Extract unique elements from elements while preserving original order.

Parameters:
  • elements (sequence) – Sequence of equality-comparable objects
  • return_inverse ({False, True}, optional) – If True, also return sequence of indices that can be used to reconstruct original elements sequence via [unique_elements[i] for i in inverse]
Returns:

  • unique_elements (list) – List of unique objects, in original order they were found in elements
  • inverse (array of int, optional) – If return_inverse is True, sequence of indices that can be used to reconstruct original sequence

class katdal.categorical.CategoricalData(sensor_values, events)

Bases: object

Container for categorical (i.e. non-numerical) sensor data.

This container allows simple manipulation and interpolation of a time series of non-numerical data represented as discrete events. The data is stored as a list of sensor values and two integer arrays:

  • unique_values stores one copy of each unique object in the data series
  • events stores the time indices (dumps) where each event occurs
  • indices stores indices linking each event to the unique_values list

The __getitem__ interface (i.e. data[dump]) returns the data associated with the last event before the requested dump(s), in effect doing a zeroth-order interpolation of the data at each event. Events can be added and removed and realigned, and the container can be split along the time axis, amongst other functionality.

Parameters:
  • sensor_values (sequence, length N) – Sequence of sensor values (of any type, preferably not None [see Notes])
  • events (sequence of non-negative ints, length N + 1) – Corresponding monotonic sequence of dump indices where each sensor value came into effect. The last event is one past the last dump where the final sensor value applied, and therefore equal to the total number of dumps for which sensor values were specified.
unique_values

List of unique sensor values in order they were found in sensor_values with any ComparableArrayWrapper objects unwrapped

Type:list, length M
indices

Array of indices into unique_values, one per sensor event

Type:array of int, shape (N,)
dtype

Sensor data type as NumPy dtype (found on demand from unique_values)

Type:numpy.dtype object

Notes

Any object values wrapped in a ComparableArrayWrapper will be unwrapped before adding it to unique_values.
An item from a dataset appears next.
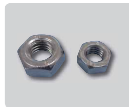
148. Tuerca Din 934 A2/304
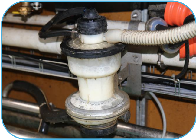
měřič nádoje IMilk 600

When adding, removing and comparing values to this container, any object values will be wrapped again temporarily to ensure proper comparisons.
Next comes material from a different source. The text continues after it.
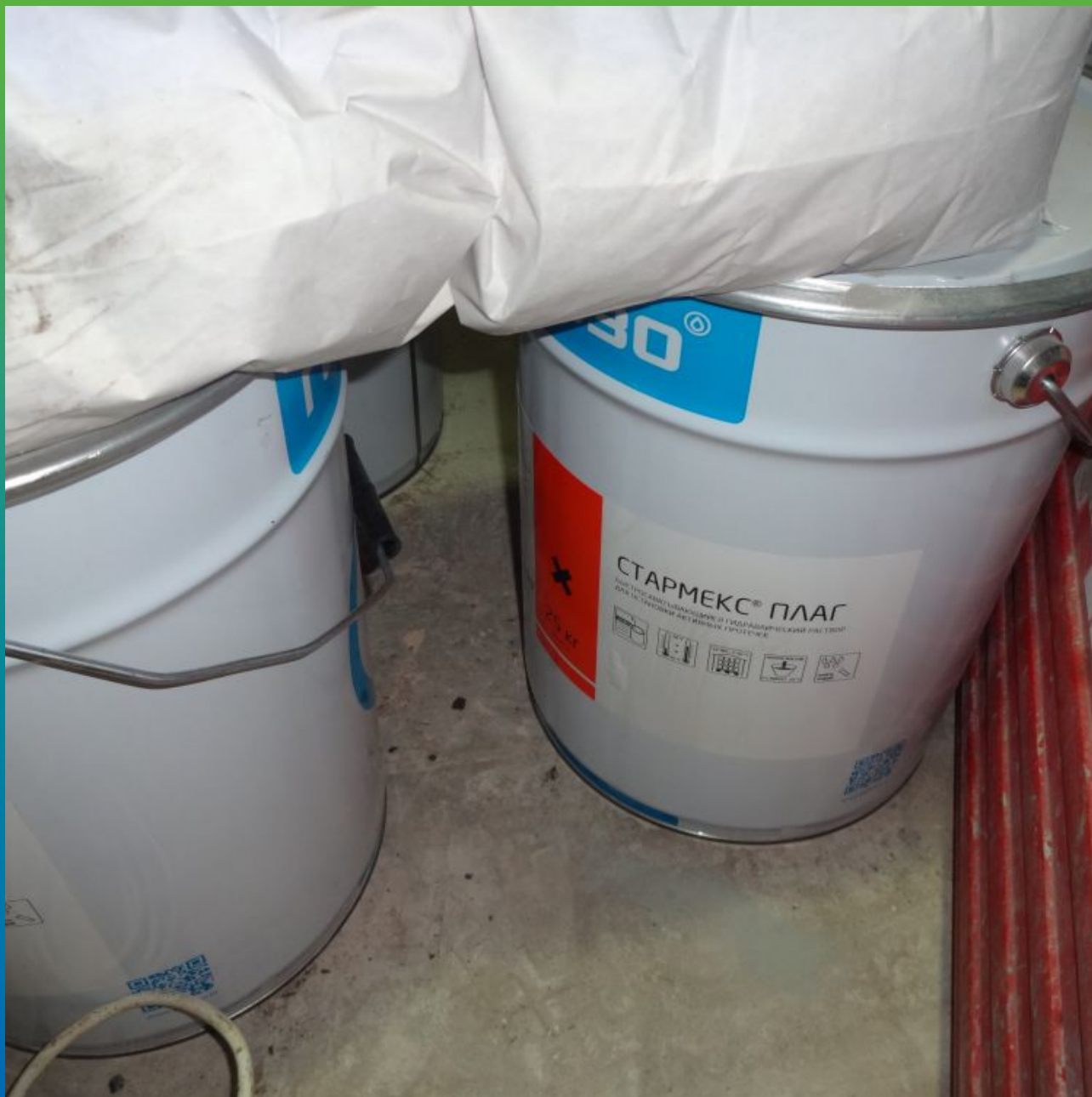
Материалы "Гидрозо" на объекте

It is discouraged to have a sensor value of None as this value is given a special meaning in methods such as CategoricalData.add() and sensor_to_categorical(). On the other hand, it is the most sensible dummy object value and any Nones entering through this initialiser will probably not cause any issues.

It is better to make unique_values a list instead of an array because an array assimilates objects such as tuples, lists and other arrays. The alternative is an array of ComparableArrayWrapper objects but these then need to be unpacked at some later stage which is also tricky.

dtype

Sensor value type.

segments()

Generator that iterates through events and returns segment and value.

Yields:
  • segment (slice object) – The slice representing range of dump indices of the current segment
  • value (object) – Sensor value associated with segment
add(event, value=None)

Add or override sensor event.

This adds a new event to the container, with a new value or a duplicate of the existing value at that dump. If the new event coincides with an existing one, it overrides the value at that dump.

Parameters:
  • event (int) – Dump of event to add or override
  • value (object, optional) – New value for event (duplicate current value at this dump by default)
remove(value)

Remove sensor value, remapping indices and merging segments in process.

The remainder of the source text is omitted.